Appellant, Edward Maldanado (“defendant”), appeals his strong-arm robbery conviction contending that the trial court erred in denying his requested jury instruction on resisting a merchant. We agree and reverse.

On December 1, 1995, the head of security at Best Buy saw the defendant put a ear stereo speaker under his shirt and leave the store. The defendant then re-entered the store, and put a Walkman and another stereo speaker under his shirt. The security guard approached the defendant, and asked him to come to the security office. According to the security guard, the defendant pushed him in the chest and struck him in the face while attempting to leave the store.

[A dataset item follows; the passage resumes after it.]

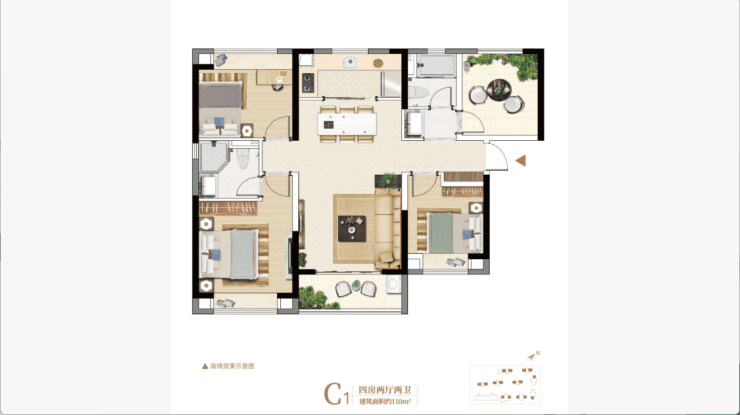 建面约110㎡精装奢阔四房
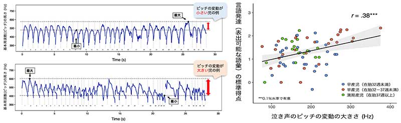 その結果、(1)予定日前後の時点では、在胎32~37週未満で出生した早産児の泣き声は、満期産新生児に比べてピッチの変動が大きく、メロディー複雑さの度合いも高い、(2)周産期の泣き声のピッチの高さ自体は、1歳半時点の言語・認知発達と関係しない、(3)周産期の泣き声のピッチの変動が大きい児ほど、1歳半時点で言語・認知発達が早く、特に発話できる語彙数が多い、ということが明らかになりました。

The defendant was arrested and charged with strong-arm robbery. Prior to trial, defense counsel informed the court that the defense would request a jury instruction on the lesser offense of resisting a merchant pursuant to section 812.015(6), Florida Statutes (1995), as a lesser-included offense of robbery. The court deferred ruling, and subsequently denied the request to instruct the jury on resisting a merchant. The trial judge instructed the jury on battery and petit theft as lesser-included offenses of robbery. The jury then convicted the defendant of strong-arm robbery.

Pursuant to the 1992 amendment of section 812.015(6), Florida Statutes, the charge of resisting a merchant is a lesser-included offense of robbery. Appellant capably points out that because the facts adduced at trial supported this lesser charge, it was error for the trial court to deny defendant’s request. See Wilcott v. State, 509 So.2d 261 (Fla.1987); Sanders v. State, 654 So.2d 1279 (Fla. 2d DCA 1995). We reverse defendant’s robbery conviction, and remand for a new trial because the jury should have been instructed on the lesser-included offense of resisting a merchant. See Duval v. State, 688 So.2d 1002 (Fla. 2d DCA 1997); Lamb v. State, 679 So.2d 59 (Fla. 4th DCA 1996).

Reversed and remanded for new trial.